От напульсника чешется запястье. Холодает — черемуха цветет, как не в себя, и под окном бабушкиного дома я сижу какого-то черта на погнутой планке изгороди у газона. Задница отмерзает через тонкие джинсы так, словно я не на куске трубы, а на ледышке сижу, и не чесать под браслетами — почти невыносимо.
Хорошо, что пошла мода на эти штуки. Удобно — я не выдам себя случайно, если ты увидишь мои руки, потому что неразличимый почти рисунок не рассмотреть через плотную ткань под рукавом.
Розочка, полураспустившаяся и такая живая, пытается двигаться, и я уже почти не ощущаю от этого боли. Это нормально — привыкнуть к метке. Это нормально — когда первая метка не совпадает.

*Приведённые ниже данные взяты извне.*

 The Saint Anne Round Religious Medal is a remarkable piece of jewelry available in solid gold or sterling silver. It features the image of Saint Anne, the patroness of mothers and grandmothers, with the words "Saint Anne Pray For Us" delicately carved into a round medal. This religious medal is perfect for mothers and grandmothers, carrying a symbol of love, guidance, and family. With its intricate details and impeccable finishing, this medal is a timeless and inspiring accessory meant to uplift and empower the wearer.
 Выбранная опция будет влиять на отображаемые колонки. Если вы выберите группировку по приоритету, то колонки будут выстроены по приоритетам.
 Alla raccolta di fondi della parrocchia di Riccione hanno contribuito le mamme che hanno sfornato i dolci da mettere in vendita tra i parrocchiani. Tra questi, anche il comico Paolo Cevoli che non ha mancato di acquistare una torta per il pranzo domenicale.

Это нормально — получить метку того, у кого ее нет или она не твоя.
Как первая любовь в книжках про мир, где меток нет.
— Яблоко будешь? — и карманы у меня, кажется, безразмерные. Вон, вытягиваю яблоко с кулак почти, в честном бою спертое из вазы с фруктами под вопль «Не жри немытое на улице!». — Оно чистое… ну, почти. По крайней мере, точно было мытым час назад.

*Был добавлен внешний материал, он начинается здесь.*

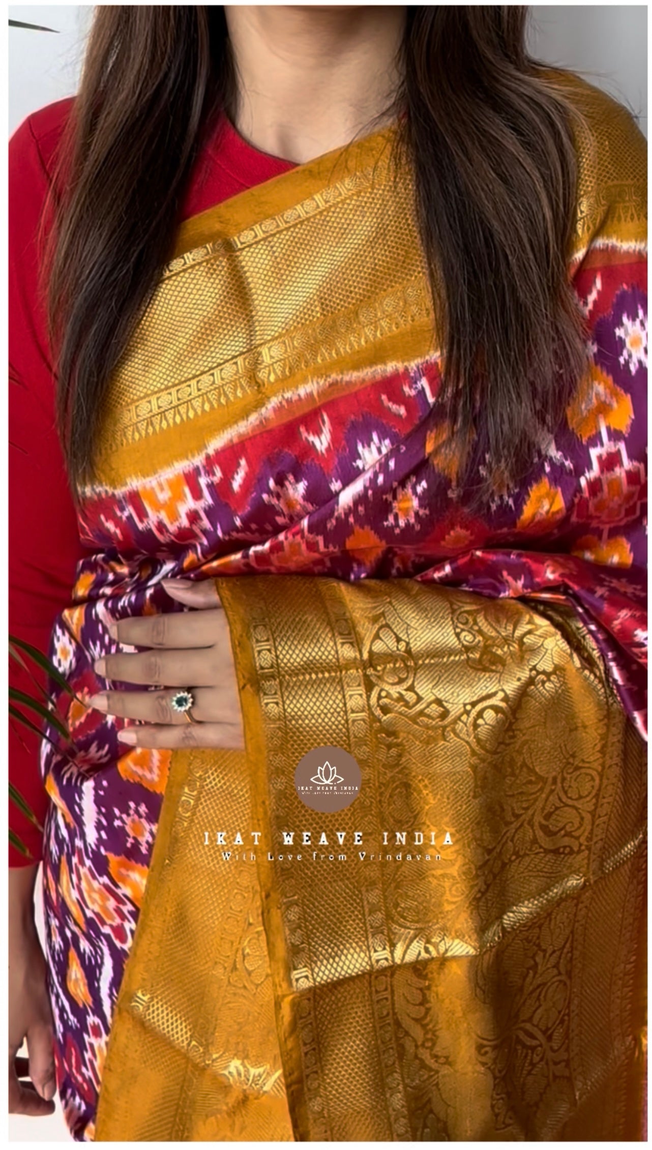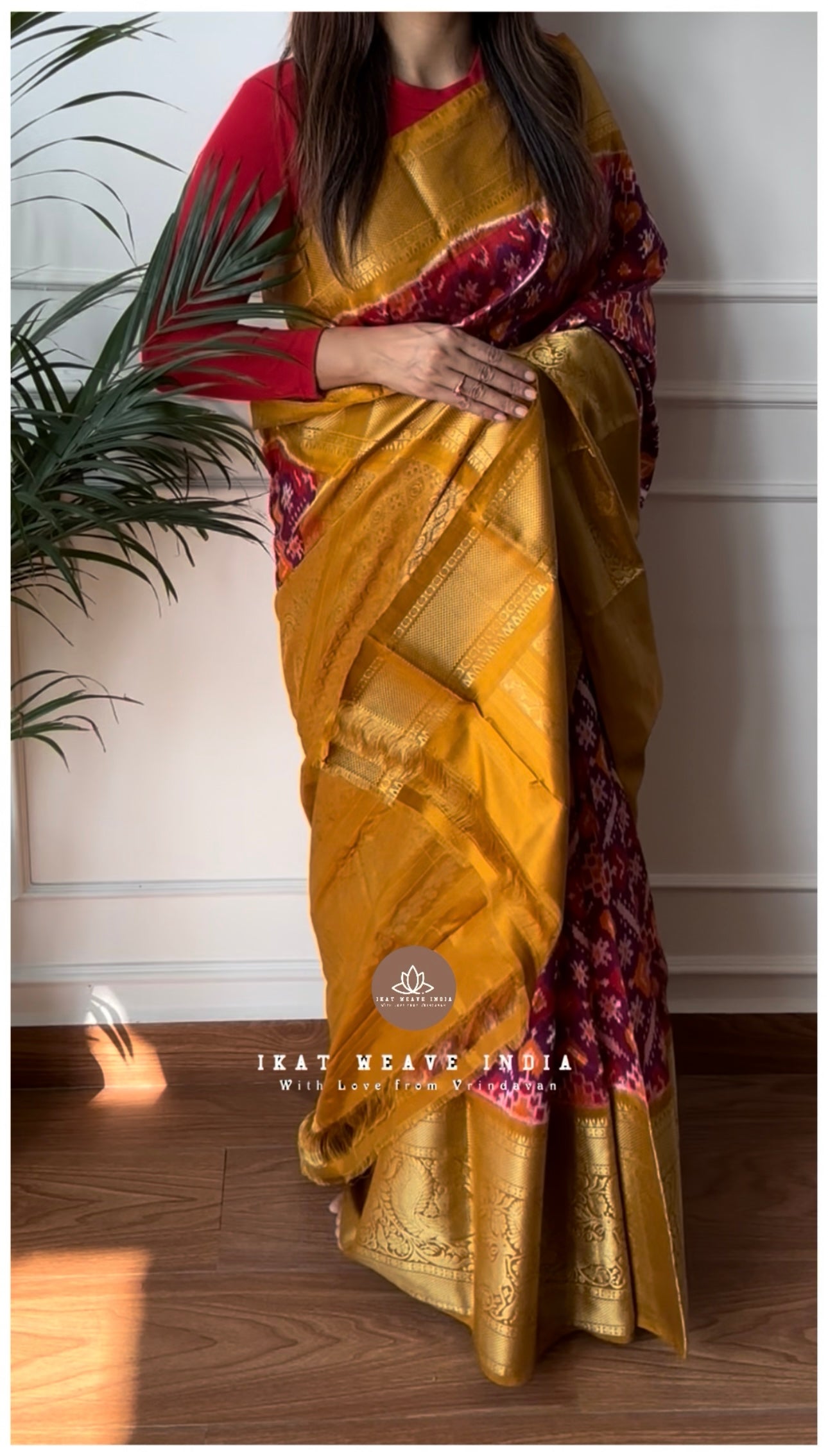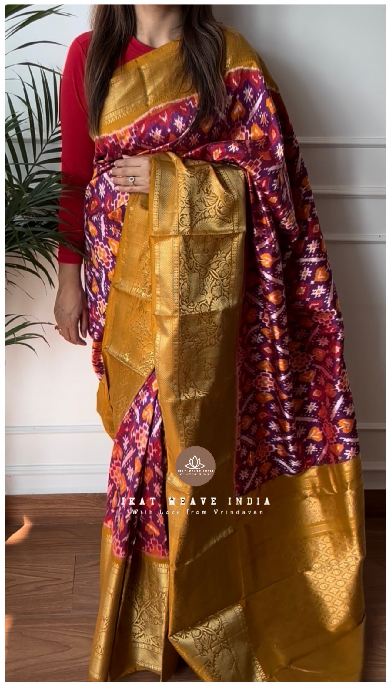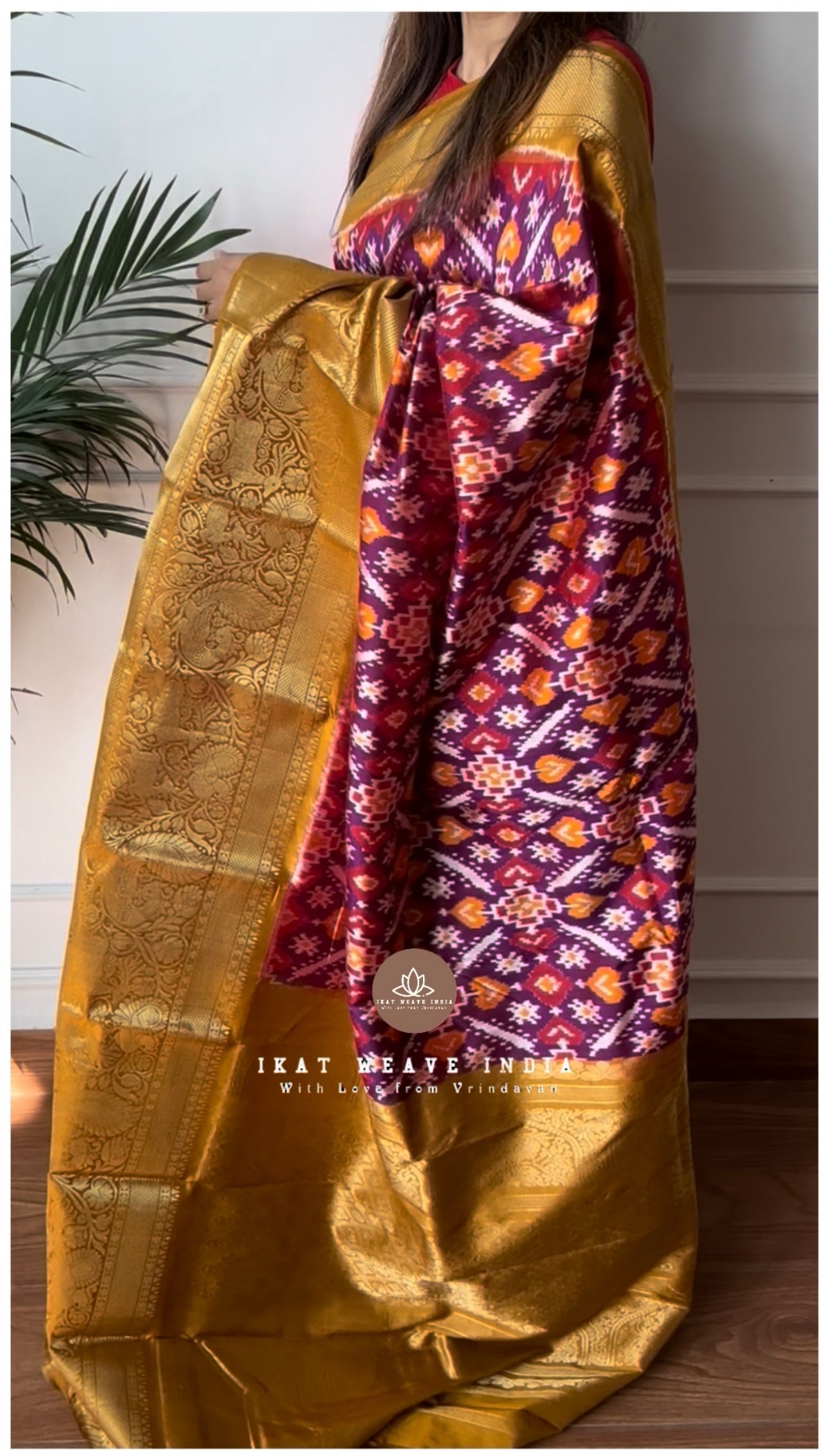 Premium, exclusive & Gorgeous handwoven pure silk Ikat saree with Kanchi Zari Border from Pochampally.A symbol of grace,Luxury and tradition.Saree comes with a running blouse piece.

— Из кармана же, не с земли, — от прикосновения снова прошибает током. Откидываюсь назад — на этой дурацкой перекладине я не провернусь так, как надо, и просто повисаю на коленях, подметая кончиком косы землю, уже сухую. Зато если рухнуть тут — то явно не насмерть, даже шею не свернуть, только ладони расцарапаю — проверено. — А можешь повернуться? А то мне твоего лица не видно.
И яблоко хрустит. И голос — спокойный такой… прямо как у половины знакомых, когда они очень вежливо просят пасть заткнуть.
И ровно одна проблема. Подняться я не могу. Рухнуть красиво расплющенной жопкой вверх — могу. А вот на то, чтобы перецепиться и сесть ровно, ни лап не хватит, ни отсутствующего пресса.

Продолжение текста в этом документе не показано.